Petitioners failed to produce any books or records supporting the claimed losses. Instead, petitioners presented their individual Federal income tax returns for the years 1986 through 1992, which show losses arising principally from rental properties and S corporations that petitioner owned, and some ≈ but not most ≈ of the relevant S corporation returns. Petitioners also rely upon their accountant's testimony regarding his return preparation procedures.
The testimony of petitioners' accountant is insufficient to establish either the fact or amount of any net operating loss. See Williams v. Commissioner [Dec. 46,614(M)], T.C. Memo. 1990-266. The tax returns are merely a statement of petitioners' position and do not constitute proof of the claimed losses. 18 See Wilkinson v. Commissioner [Dec. 35,848], 71 T.C. 633, 639 (1979); Roberts v. Commissioner [Dec. 32,789], 62 T.C. 834, 837 (1974); Seaboard Commercial Corp. v. Commissioner [Dec. 22,539], 28 T.C. 1034, 1051 (1957).
18 Petitioners' Federal income tax return for 1987 specifically notes that the return is tentative and will be amended. There is no evidence that any amended return was ever filed.
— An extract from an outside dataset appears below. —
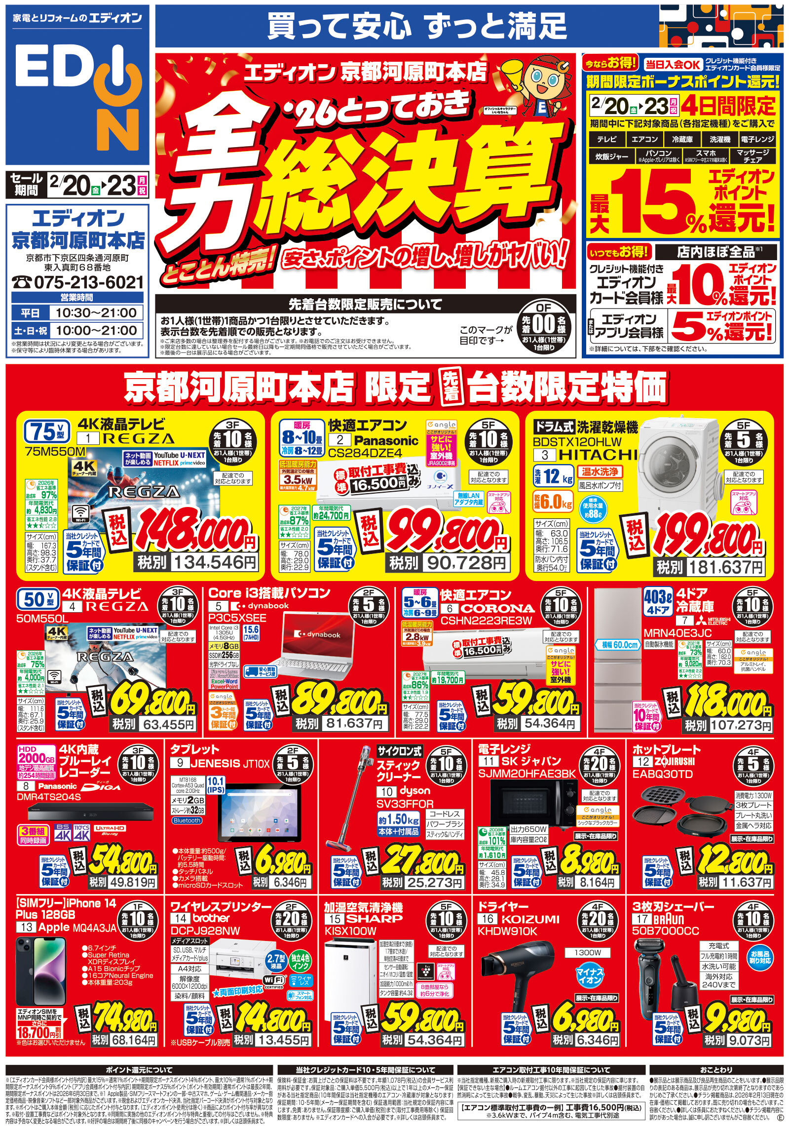 営業時間 営業時間はエディオンの店舗情報ページにて最新情報をご確...

Petitioners have failed to sustain their burden of proof as to the claimed net operating loss deduction.
IV. Section 6662 Penalty
Respondent determined that petitioners are liable for the accuracy-related penalty under section 6662. Section 6662(a) imposes a 20-percent penalty on any portion of an underpayment that is attributable to negligence. Negligence is the lack of due care or failure to do what a reasonable and ordinarily prudent person would do under the same circumstances. See Neely v. Commissioner [Dec. 42,540], 85 T.C. 934 (1985). A taxpayer's failure to keep adequate books and records may constitute negligence. See Crocker v. Commissioner [Dec. 45,675], 92 T.C. 899, 917 (1989); sec. 1.6662-3(b), Income Tax. Regs.
No penalty shall be imposed under section 6662(a) with respect to any portion of an under payment if it is shown that there was reasonable cause and that the taxpayer acted in good faith. See sec. 6664(c). Whether a taxpayer acted with good faith depends upon the facts and circumstances of each case. See sec. 1.6664-4(b)(1), Income Tax Regs. The burden of proof is upon the taxpayer. See Rule 142(a); Bixby v. Commissioner [Dec. 31,493], 58 T.C. 757, 791-792 (1972).
Petitioners argue that the negligence penalty should not apply because they relied upon the services of their accountant. Reliance on the advice of an accountant or other professional tax adviser does not necessarily demonstrate reasonable cause unless the reliance was reasonable and the taxpayer acted in good faith, which requires, among other things, that the advice be based on all pertinent facts and circumstances and on no unreasonable factual or legal assumptions. See sec. 1.6664-4(b)(1) and (c), Income Tax Regs. If the taxpayer fails to provide the accountant with the information necessary for preparing the return, the taxpayer is liable for the penalty. See Johnson v. Commissioner [Dec. 36,905], 74 T.C. 89, 97 (1980), affd. [82-1 USTC ╤ 9311] 673 F.2d 262 (9th Cir. 1982).
Petitioners failed to prove that they provided their accountant complete information for preparing their 1993 joint Federal income tax return. In addition, petitioners failed to show that they kept adequate books and records to substantiate their claimed net operating loss deduction. With regard to both the discharge of indebtedness income and the claimed net operating loss deduction, petitioners failed to show that they had reasonable cause or acted in good faith.
Accordingly, respondent's determination of an accuracy-related penalty under section 6662(a) is sustained.
Decision will be entered for respondent.